2. A method for multi-task cardiac substructure segmentation based on spatio-temporal fusion according to claim 1, wherein: the anatomic factor encoder and the substructure modal decomposition encoder are each composed of a plurality of CNN modules, wherein each CNN module comprises a 3x3 convolution layer, a Batch Norm algorithm and Relu activation functions.

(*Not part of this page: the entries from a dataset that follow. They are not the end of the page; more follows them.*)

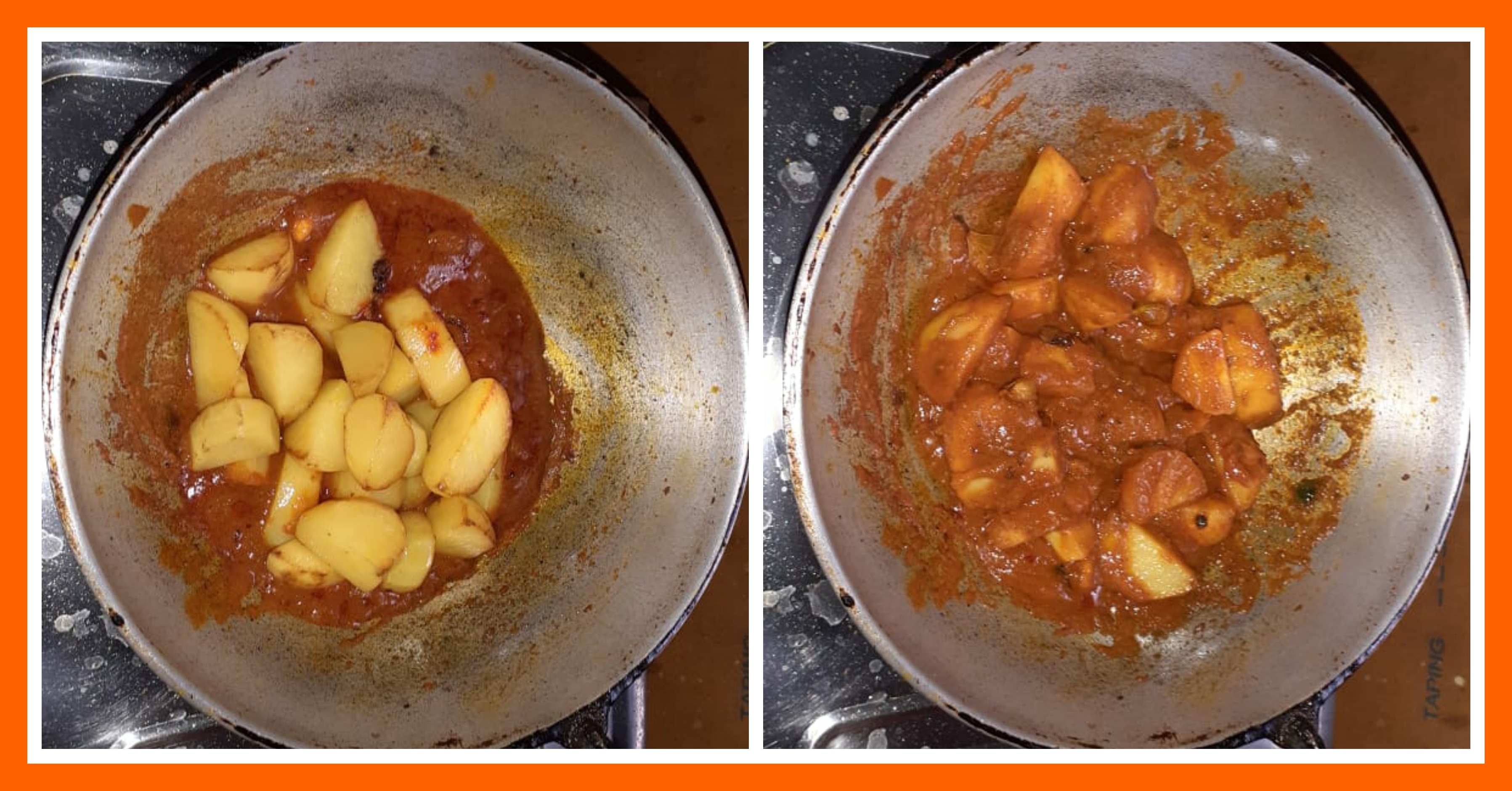 ❖কষানো হয়ে গেলে তাতে ভেজে রাখা আলু দিয়ে দিয়েছিলাম। এরপর নেড়েচেড়ে মশলার সাথে মিশিয়ে নিয়েছিলাম।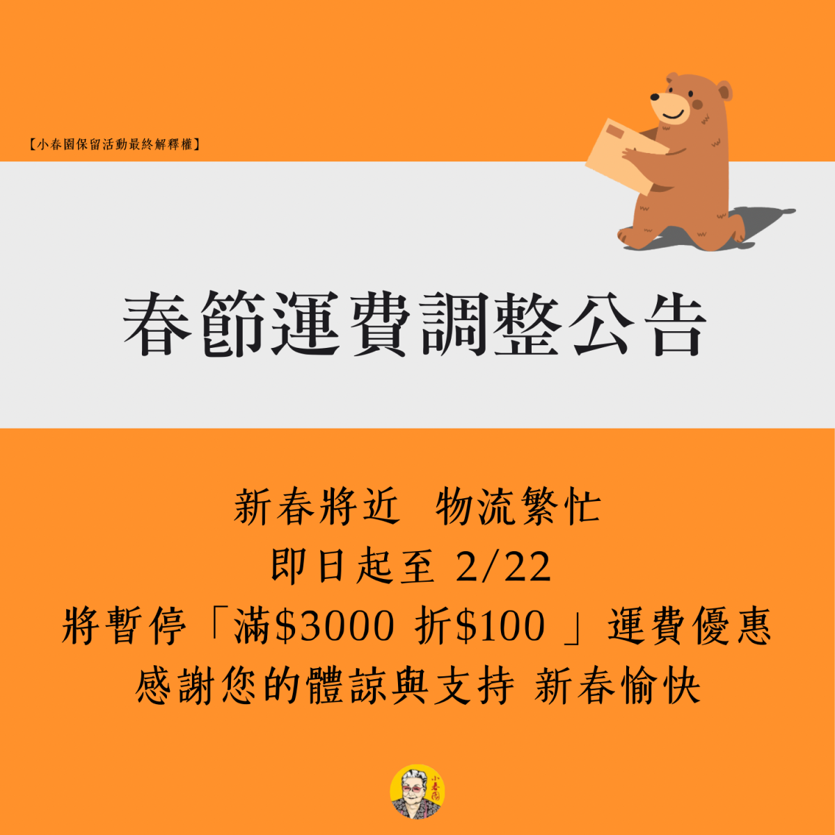 【即日起至 2/22,將暫停「滿 $3000 折 $100 」的運費優惠】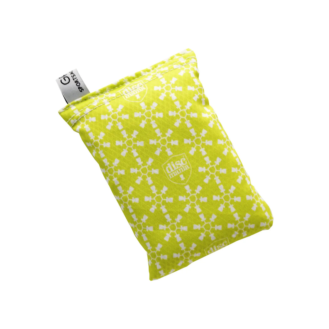 The Sportsack is a must have accessory to keep your hands and disc dry while maintaining a consistent grip. Simply roll the bag around in your hands for a few seconds to soak up any moisture and oil to restore your natural grip. Each 100% cotton bag is filled with clay fill for added grip. The Sportsack does not leave behind a chalky dust or messy residue and lasts much longer than rosin bags or other powder based products. Comes packaged in a zip lock plastic bag for storage. If the sportsack becomes wet, continue to use and will dry itself out.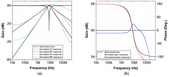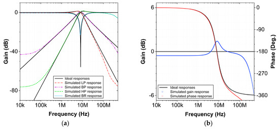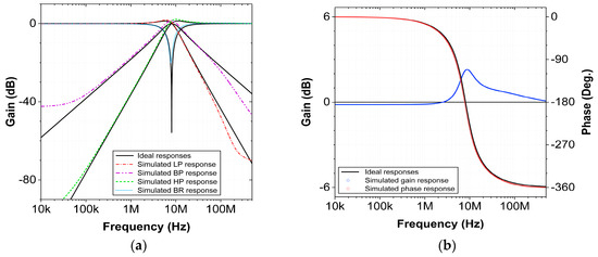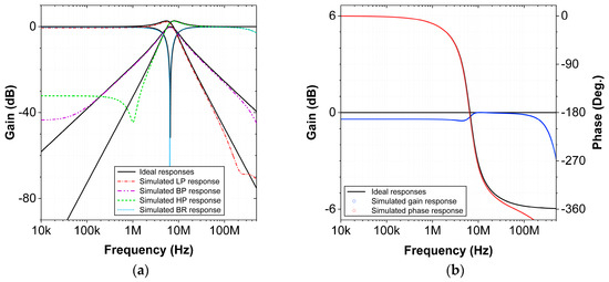 The Equations (17) and (18) imply that when the frequency is varied, the quality factor of the filter will be slightly affected. The frequency can be tuned without affecting the quality factor if and are varied simultaneously such that the product remains constant. The resistor can be realized using a MOS [44] transistor, making it easily tunable.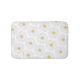 Bath mat design features an original marker illustration of white and yellow daisy flowers.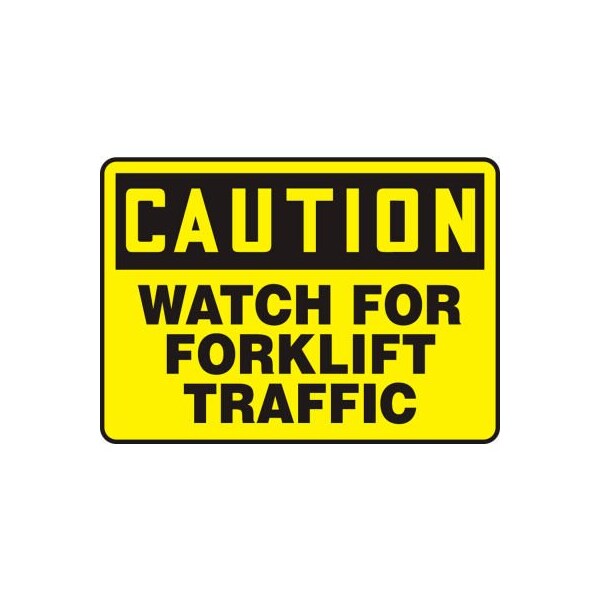 Accuform Caution Sign, Watch For Forklift Traffic, 10inW x 7inH, Plastic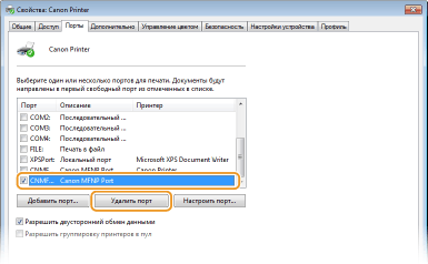 1 | Выберите порт, который требуется удалить, и нажмите кнопку [Удалить порт]. ![]() ![]() Невозможно удалить порт, который в данный момент настроен как порт принтера. Чтобы удалить этот порт, выберите другой порт и нажмите кнопку [Применить], чтобы настроить его как новый порт принтера, затем удалите исходный порт. |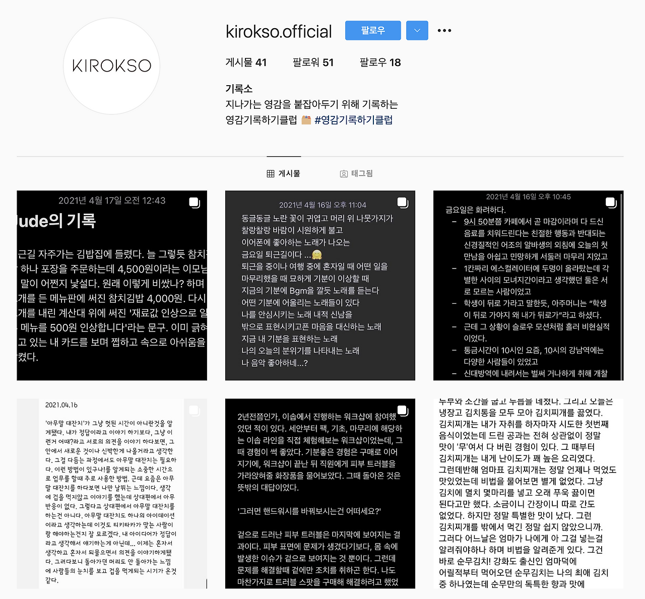 취향이 좋은 인플루언서 계정보다 취향이 좋더라도 홍보성 콘텐츠를 올릴 수밖에 없는 브랜드 계정은 팔로워를 얻기 더 힘들다고 생각한다.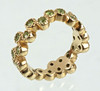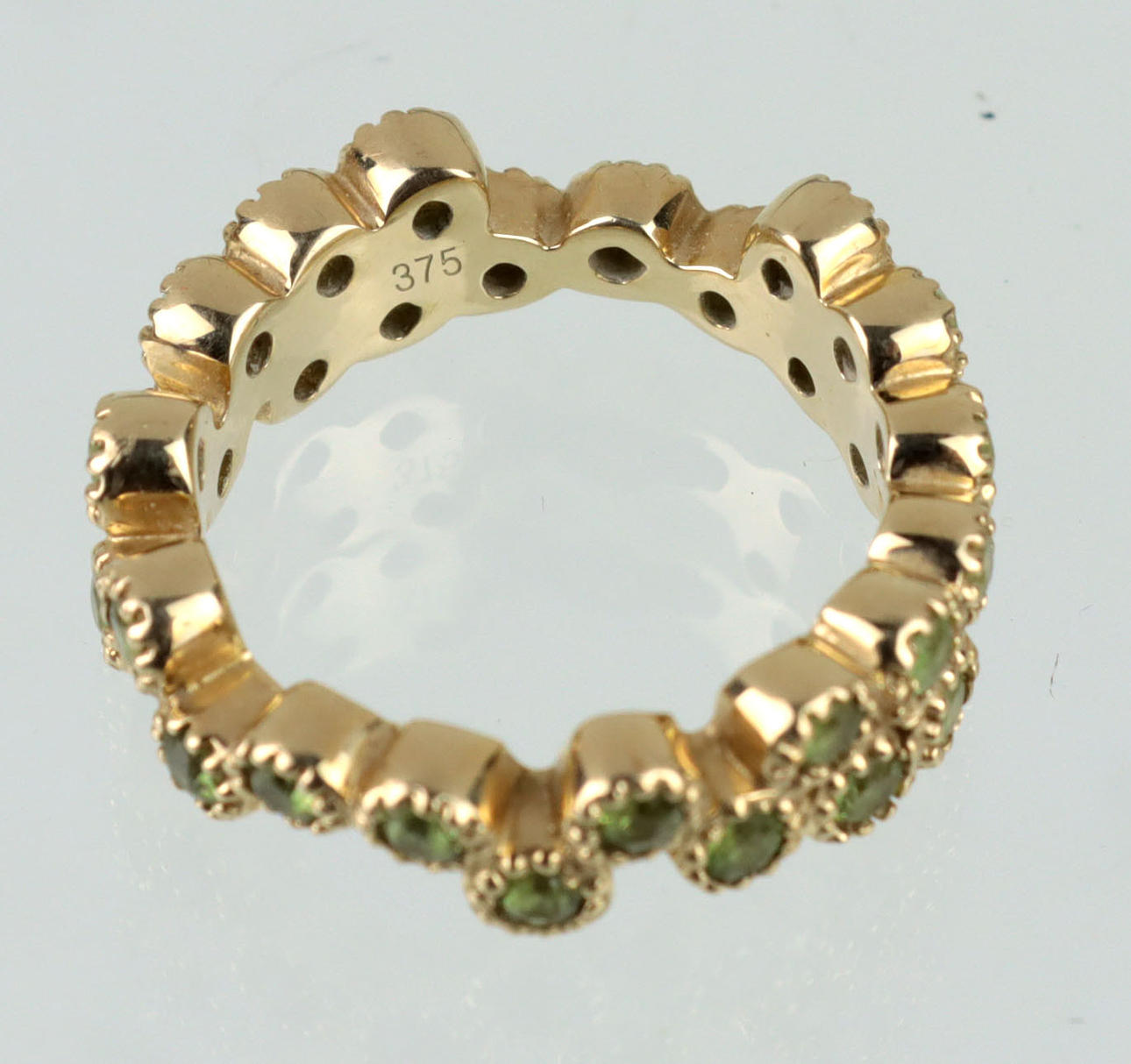 Stämplad 375 gult guld (9 karat), ca. 6.15 gram, modern ring gjord i en enkel och dubbel rad arrangemang, med 28 demantoids (Madagaskar) på ca. 2,2 mm diameter plus 1,54 ct. Briljantslipad, individuellt inramad, RG 54, innerdiameter 17,2 mm, med smyckesintyg.

3. A method for multi-task cardiac substructure segmentation based on spatio-temporal fusion according to claim 1, wherein: said step 1) comprises the steps of:

a1 Acquiring cardiac CT data of a patient;

A2 According to the data label, only selecting a slice layer containing a heart substructure as training data;

A3 Randomly extracting continuous 7-layer slices from each CT data as the input of a model, wherein the 4 th layer is a target segmentation slice, and 1-3 and 5-7 are adjacent auxiliary slice layers, which are used for extracting time sequence features and improving the feature expression of the 4 th layer slice.

4. A method for multi-task cardiac substructure segmentation based on spatio-temporal fusion according to claim 1, wherein: the left side of the Unet network structure is alternately composed of a first convolution layer and a pooling layer, wherein the 3x3 convolution layer is used for feature extraction, and the pooling layer is used for reducing dimensionality; the right side of Unet network structure is composed of second convolution layer and up sampling layer alternately, up sampling layer is used for recovering dimension, and finally output result through 1x1 convolution layer.